Debtor Scott A. Thompson (“Debtor”) was the sole owner and president of Construction 70, Inc. (“Construction 70”). In September 2003, Construction 70 entered into a contract with Applebee’s International, Inc. (“Applebee’s”) to build a restaurant in Cambridge, Minnesota. Reshe-tar Systems, Inc. (“Reshetar”) agreed to provide Construction 70 the labor, materials, skills, and equipment necessary to perform carpentry and drywall work for the project.

Reshetar kept its end of the bargain, completing its work in January 2004. However, despite being paid at least most of what it claimed it was owed by Apple-bee’s, 2 Construction 70 failed to pay Reshetar $48,293.81 of the total amount it was owed. As a result, Reshetar commenced a lawsuit against Construction 70 and Debtor in Minnesota state court. The parties settled that lawsuit in June 2009, with Debtor executing a confession of judgment for $78,000.00. 3

On December 30, 2009, Debtor filed a petition for relief under chapter 7 of the bankruptcy code. Reshetar timely filed a complaint under 11 U.S.C. § 523(a)(2)(A), (4), and (6) to determine the dischargeability of the $78,000.00 owed to it by Debtor. The matter was tried, and on January 20, 2011, the bankruptcy court entered a judgment in favor of Debtor. Reshetar timely filed a notice of appeal. 4

STANDARD OF REVIEW

We review the bankruptcy court’s findings of fact for clear error and its legal conclusions de novo. See R & R Ready Mix v. Freier (In re Freier), 604 *508 F.3d 583, 587 (8th Cir.2010) (citing First Nat’l Bank of Olathe, Kansas v. Pontow, 111 F.3d 604, 609 (8th Cir.1997)). More specifically, we review de novo the bankruptcy court’s interpretation of a contract. See Bremer Bank v. John Hancock Life Ins. Co., 601 F.3d 824, 829 (8th Cir.2010). We also review de novo the bankruptcy court’s interpretation of a statute. See Ferrell v. West Bend Mut. Ins. Co., 393 F.3d 786, 796 (8th Cir.2005).

DISCUSSION

11 U.S.C. § 523(a)(4) — fraud or defalcation

Section 523(a)(4) excepts from discharge a debt “for fraud or defalcation while acting in a fiduciary capacity!.]” State law may impose fiduciary duties on a debtor. Barclays American/Business Credit, Inc. v. Long (In re Long), 774 F.2d 875, 878 (8th Cir.1985). However, whether a given relationship is a fiduciary relationship within the meaning of § 523(a)(4) is a question of federal law. Tudor Oaks Limited Partnership v. Cochrane (In re Cochrane), 124 F.3d 978, 984 (8th Cir.1997). “[T]he broad, general definition of fiduciary — a relationship involving confidence, trust and good faith — is inapplicable in the dischargeability context.” Cal-Micro, Inc. v. Cantrell (In re Cantrell), 329 F.3d 1119, 1125 (9th Cir.2003) (quoted in Hunter v. Philpott, 373 F.3d 873, 876 (8th Cir.2004)).

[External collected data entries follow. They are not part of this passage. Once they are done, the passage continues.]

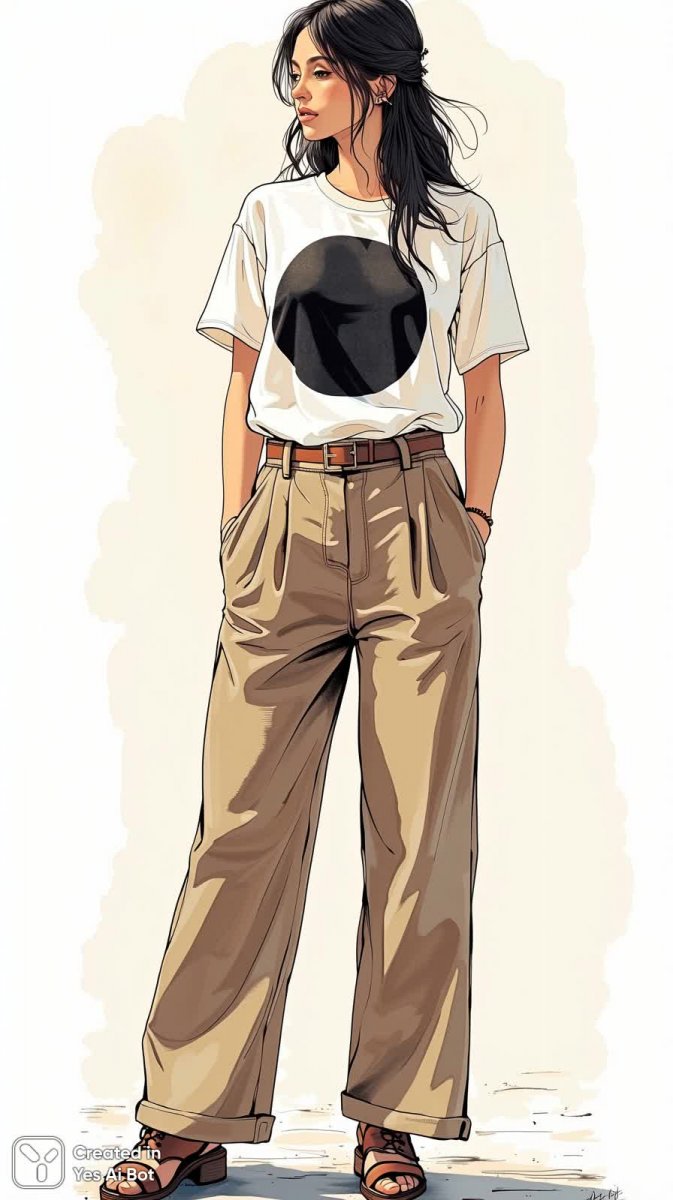 ink drawing, young woman standing in studio, black circular design on a white t-shirt, high waistline trousers with relaxed fit, looking off to side, loose waves. #role_moda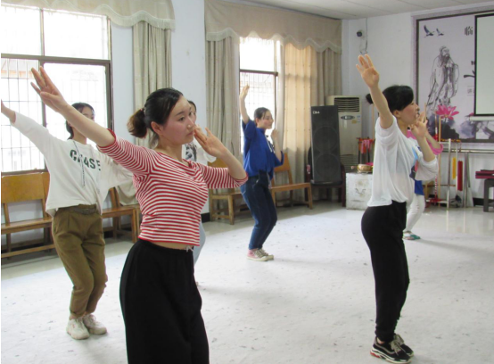 参与下乡巡回演出的舞蹈节目正在参加排练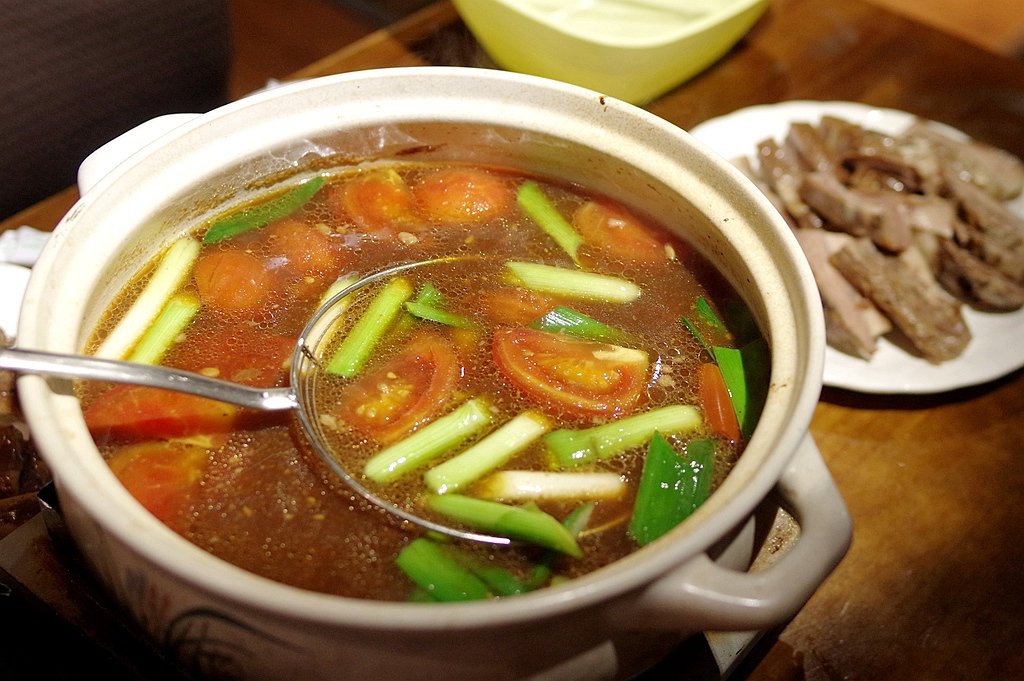 青蒜苗和红番茄搭配,除了为沉闷的卤水汤增添亮色,在味觉上最重要的贡献是提供卤水最忌讳的“酸”味。

The fiduciary relationship between the debtor and the creditor must arise from an express or technical trust. Cochrane, 124 F.3d at 984. An express trust is one “created with the settlor’s express intent, usu[ally] declared in writing.” Black’s Law Dictionary 1650 (9th ed. 2009). A technical trust is one imposed by statute or common law. E. Armata, Inc. v. Parra (In re Parra), 412 B.R. 99, 104 (Bankr.E.D.N.Y.2009) (citation omitted); A. J. Rinella & Co. v. Bartlett (In re Bartlett), 397 B.R. 610, 619 (Bankr.D.Mass.2008).

Reshetar first argues Minn.Stat. § 514.02 created the requisite fiduciary relationship between the parties 5 with respect to the payments Construction 70 received from Applebee’s for the carpentry and drywall work performed by Reshetar. Pursuant to that statute, “[proceeds of payments received by a person contributing to an improvement to real estate ... shall be held in trust by that person for the benefit of those persons who furnished the labor, skill, material, or machinery contributing to the improvement.” Minn.Stat. § 514.02, subd. 1. However, the statute goes on to provide: “Nothing contained in this subdivision shall require money to be placed in a separate account and not commingled with other money of the person receiving payment or create a fiduciary liability or tort liability on the part of any person receiving payment!.]” Id.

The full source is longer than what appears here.